__What this task involves__
Without including any picture, return the complete set of records exactly.

[Dataset entries]
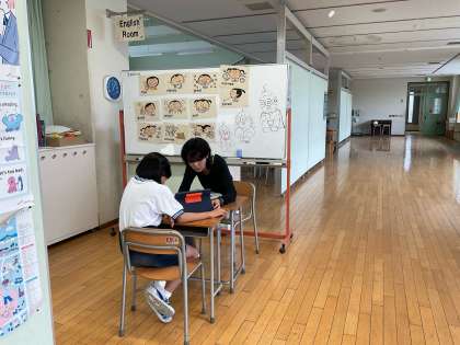 6年生の外国語では、My summer vacation をテーマに、今までの学習で学んだことをもとに文章を作り、発表の練習を積みました。外国語専科教員が一人ずつ知識や技能を確認していきました。子どもたちは、タブレットにまとめたものを見せながら発表していきました。
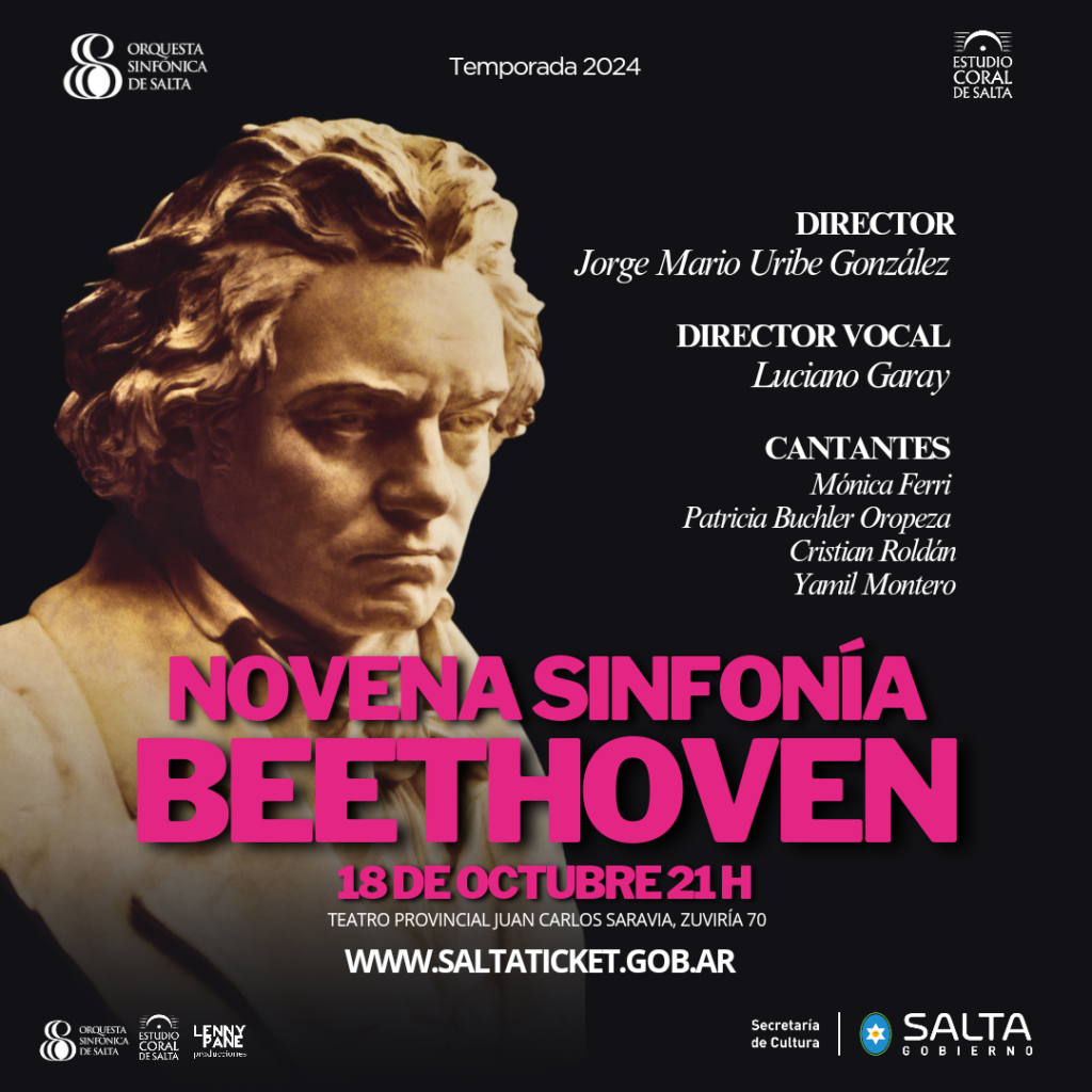 El próximo viernes 18 de octubre, el Teatro Provincial Juan Carlos Saravia será escenario de una de las obras más emblemáticas de la música clásica: la Sinfonía N° 9 «Coral», Op. 125, de Ludwig van Beethoven. Este monumental concierto será interpretado por el Estudio Coral de Salta, acompañado por la Orquesta Sinfónica de Salta y destacados solistas, bajo la dirección general del maestro Jorge Mario Uribe.
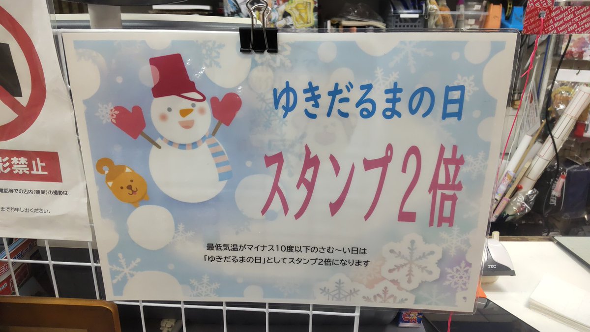 おもちゃの平野では、札幌の最低気温マイナス10度以下の寒~い日(雪だるまの日)としておもひらポイント2倍になります。よろ... [おもちゃの平野【Twitter】]
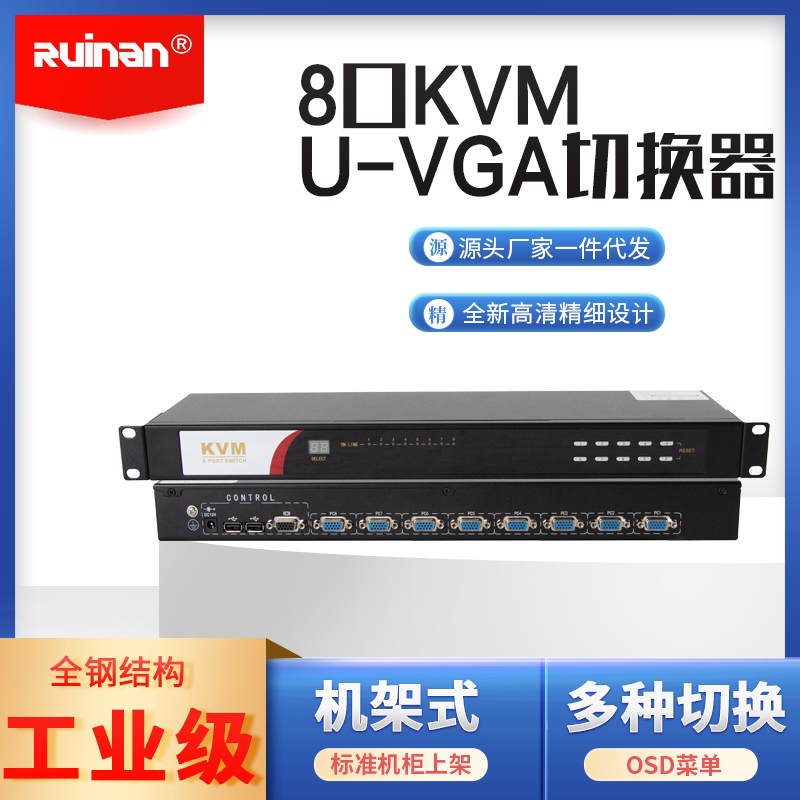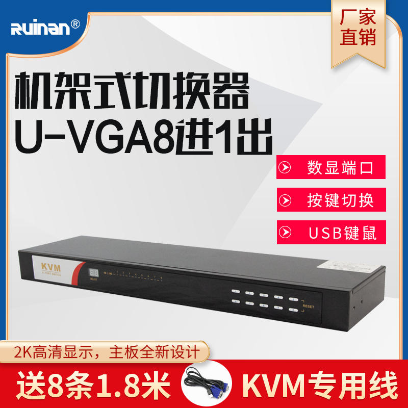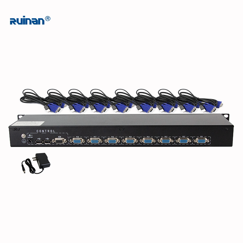 RUINAN RUINAN RVM8 Rack KVM8 Into 1 out USBVGA Port Shared Keymouse display 1U High Switch
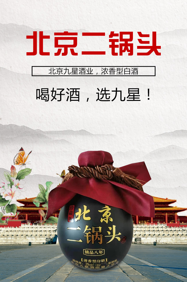 北京九星酒業(yè)有限公司是一家集產(chǎn)品研發(fā),生產(chǎn)銷售為一體的現(xiàn)代化白酒規(guī)模企業(yè)。目前開發(fā)的主要是皇城門系列白酒產(chǎn)品。是以優(yōu)質(zhì)高粱為主要原料,用大麥、小麥、豌豆制成大曲,輔多種微生物為糖化酵劑,再經(jīng)過長期發(fā)酵,緩慢蒸餾,取之精華,經(jīng)多年陳貯后,精心勾兌而成。以“清香幽雅,醇厚綿甜,尾昧爽凈”的獨(dú)特風(fēng)格,深受各界朋友的青睞。

__Answer section__
 6年生の外国語では、My summer vacation をテーマに、今までの学習で学んだことをもとに文章を作り、発表の練習を積みました。外国語専科教員が一人ずつ知識や技能を確認していきました。子どもたちは、タブレットにまとめたものを見せながら発表していきました。
 El próximo viernes 18 de octubre, el Teatro Provincial Juan Carlos Saravia será escenario de una de las obras más emblemáticas de la música clásica: la Sinfonía N° 9 «Coral», Op. 125, de Ludwig van Beethoven. Este monumental concierto será interpretado por el Estudio Coral de Salta, acompañado por la Orquesta Sinfónica de Salta y destacados solistas, bajo la dirección general del maestro Jorge Mario Uribe.
 おもちゃの平野では、札幌の最低気温マイナス10度以下の寒~い日(雪だるまの日)としておもひらポイント2倍になります。よろ... [おもちゃの平野【Twitter】]
 RUINAN RUINAN RVM8 Rack KVM8 Into 1 out USBVGA Port Shared Keymouse display 1U High Switch
 北京九星酒業(yè)有限公司是一家集產(chǎn)品研發(fā),生產(chǎn)銷售為一體的現(xiàn)代化白酒規(guī)模企業(yè)。目前開發(fā)的主要是皇城門系列白酒產(chǎn)品。是以優(yōu)質(zhì)高粱為主要原料,用大麥、小麥、豌豆制成大曲,輔多種微生物為糖化酵劑,再經(jīng)過長期發(fā)酵,緩慢蒸餾,取之精華,經(jīng)多年陳貯后,精心勾兌而成。以“清香幽雅,醇厚綿甜,尾昧爽凈”的獨(dú)特風(fēng)格,深受各界朋友的青睞。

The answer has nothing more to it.